Another way of achieving this is to leverage CM.com’s Mobile Service Cloud (MSC), the unique assimilation of automation and human touch. The omnichannel inbox is a centralised system that a human employee can easily operate to ensure fast and seamless interactions with customers on their preferred messaging channels.
Simply put, when students or their parents put queries on their most preferred channels, the human agent receives the same via the central system. Once the responses are submitted, these are sent to the students/parents via the channels where the queries were originally posted.
“The omnichannel inbox streamlines all conversations to increase quality and efficiency and cuts down the time to hop from one channel to another,” said Borkar.
The Future Of Learning Is Digital Or Hybrid, Say Experts
Although the intensity of the pandemic has subsided, new waves are reported almost every day, and the aftermath will have a far-reaching effect. Consequently, a complete shift from online to offline is unlikely in the near term. Although most educational institutions are slowly resuming their physical classes, the hybrid model, a convenient blending of online and offline learning, is increasingly accepted.
In fact, according to the HP Future of Learning Study 2022, 85% teachers want online learning to supplement classroom learning, while 94% parents think hybrid learning models can ensure continuous learning despite adverse cisrcumstances.
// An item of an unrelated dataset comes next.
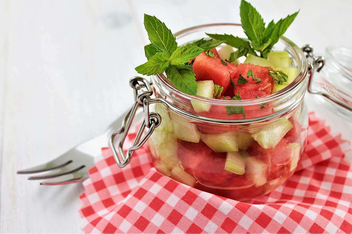 Nun das Dressing auf die Gläser mit der geschnittenen Melone sowie Gurke verteilen, Minze daraufgeben und verschließen. Kühl stellen oder in den Picknickkorb packen. Kurz vor dem Genießen das Glas kurz umdrehen, damit sich das Dressing verteilen kann.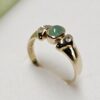 Schöner Vintage-Ring 585 Gold, geschmückt mit einem Smaragd Cabochon mittig und zwei kleinen Kristallsteinchen.

Therefore, edtech companies will continue to flourish and pave the path for more sophisticated developments in the coming years. This can further contribute to India’s booming edtech industry, estimated to grow at a CAGR of 39% between 2020 and 2025.
In sync with the new digital age, brands will refine their service offerings in order to bridge the virtual gap and usher in new ways of personalised learning. It will be interesting to see how the traditional concepts of teaching, learning and everything in-between shape up in a soon-to-be-dominating metaverse where virtual, at times, gets too real.